Editor – Disruption Investor
Stephen McBride is editor of the popular investment advisory Disruption Investor. Stephen and his team hunt for disruptive stocks that are changing the world and making investors wealthy in the process. Go here to discover Stephen's top "disruptor" stock pick and to try a risk-free subscription.
Disruption Investor subscriber C.W. has a question about plant-based meat company Beyond Meat (BYND). Its stock has shot up 320% since its IPO on May 2.
Stephen, is it too late to get onto the "Impossible Burger" bandwagon? I believe there will be a big shift away from eating animals.
C.W, thanks for your question and for being a Disruption Investor subscriber.
As I mentioned, Beyond Meat’s stock has been on fire.
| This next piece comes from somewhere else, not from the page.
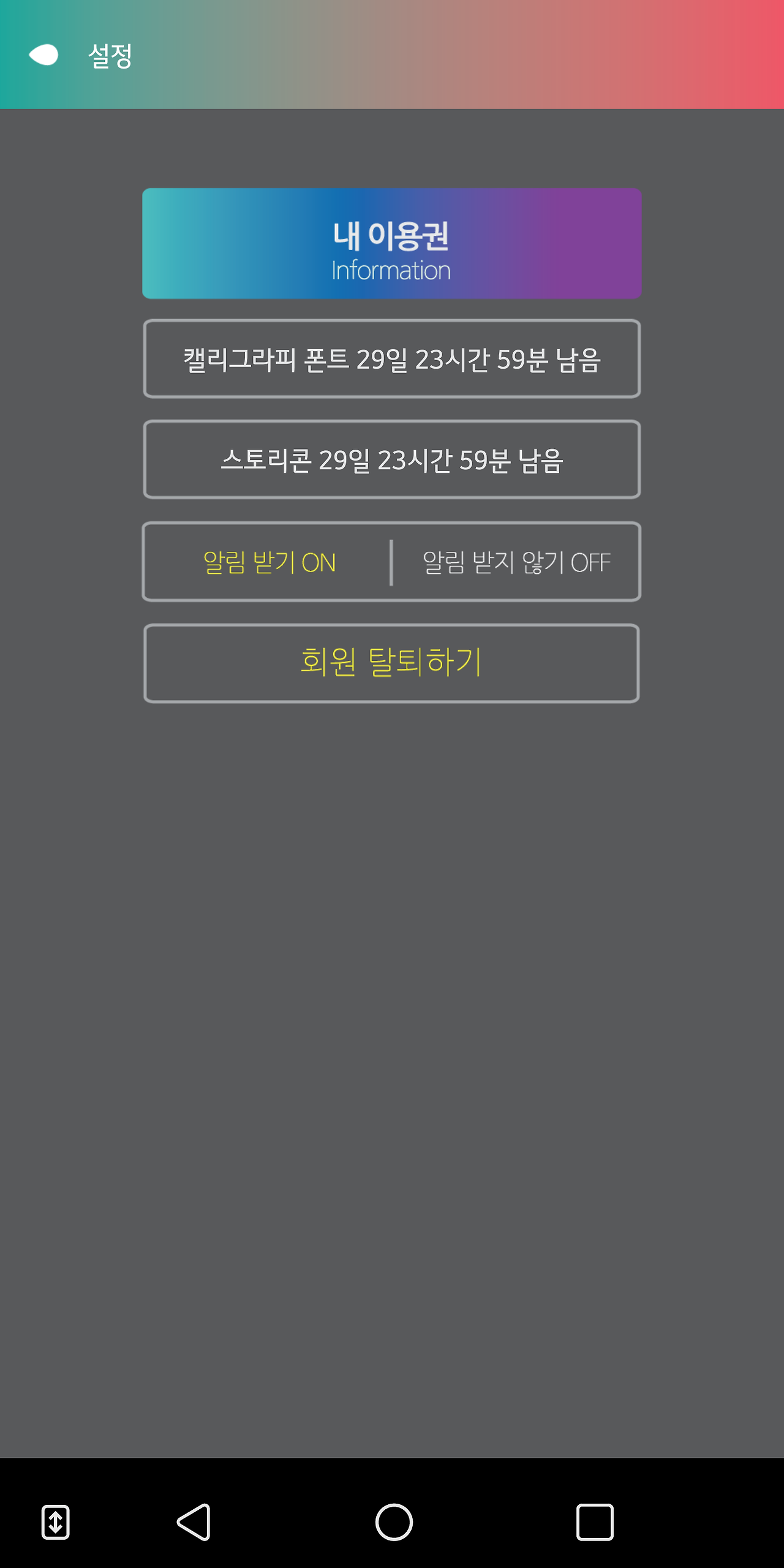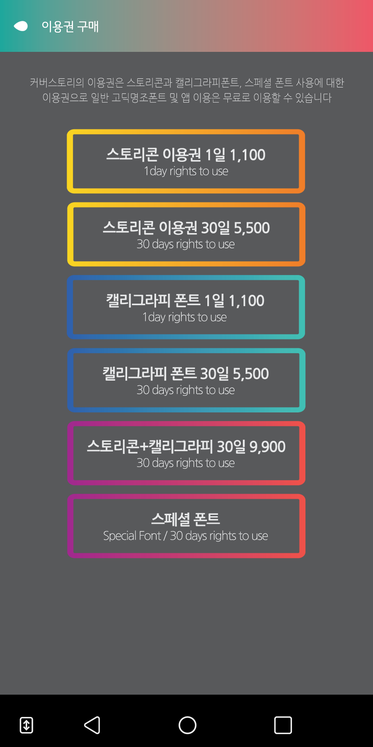 다양한 이용권을 판매하고 있었습니다. 사용용도에 따라 다양한 인앱 구매 옵션을 둔 건 괜찮은 것 같네요! 유료라서 어떻게 테스트를 해볼까 걱정했는데~ 웬일! 앱을 다운로드하면 한 달 동안은 충분히 무료로 써볼 수 있도록 '스토리콘+캘리그래피 30일 9,900원' 서비스를 제공합니다.
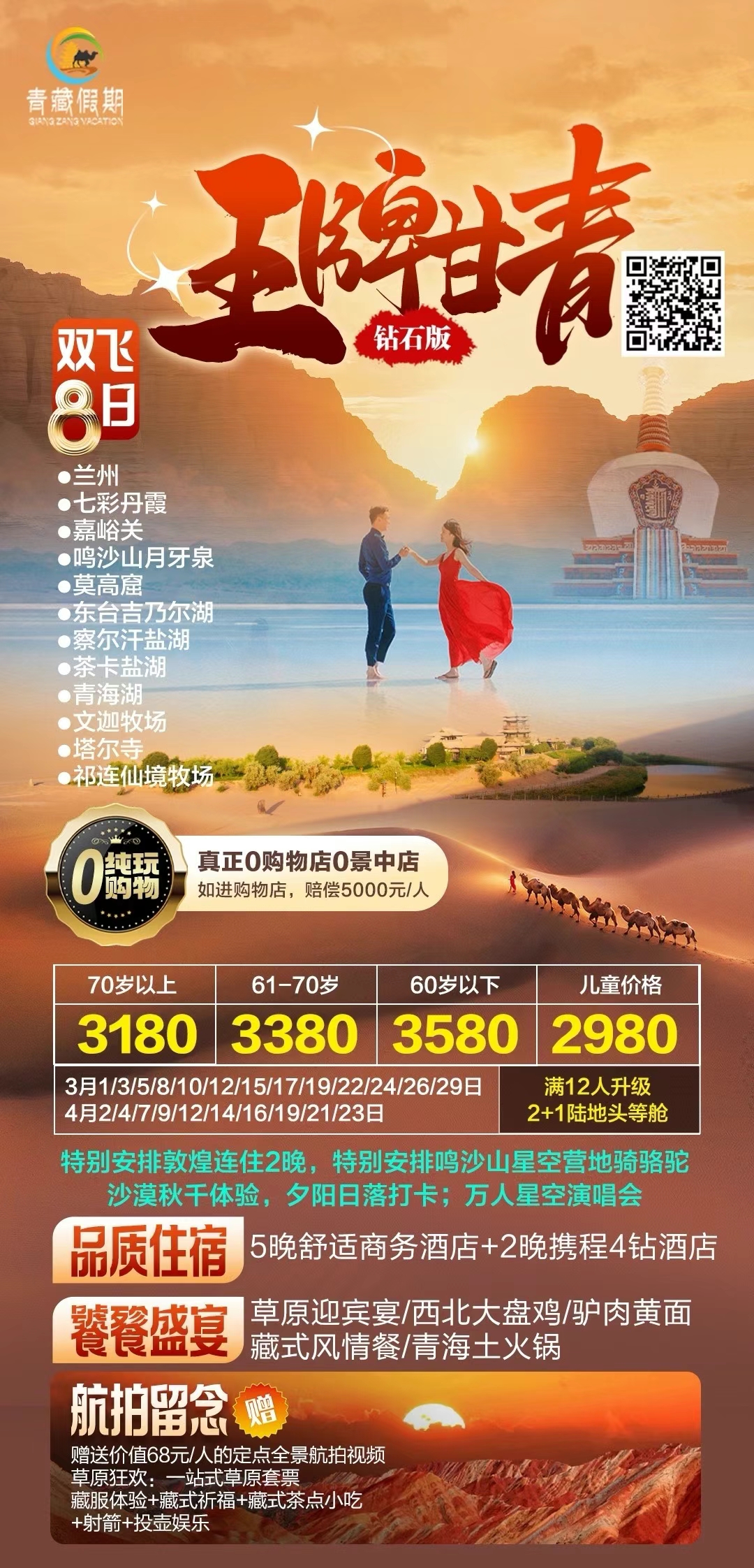 线路名称:《王牌甘青》——青甘大环线纯玩双飞8日游

I haven’t done much work on it, but it’s easily one of the most expensive stocks I’ve ever seen.
Right now, it trades for an outrageous 55-times sales. For perspective, Amazon (AMZN), a stock that many consider “overvalued,” sells for 3.7-times sales.
Keep in mind, the food business is notoriously unprofitable. Profit margins are typically in the low single-digits. So it’s unlikely the company will be raking in cash anytime soon.
It’s hard to justify buying any stock for 55-times sales, let alone one that’s in a bad business.
Most importantly, you should know I’m a carnivore. I’ll stick with my real ground beef patty for now!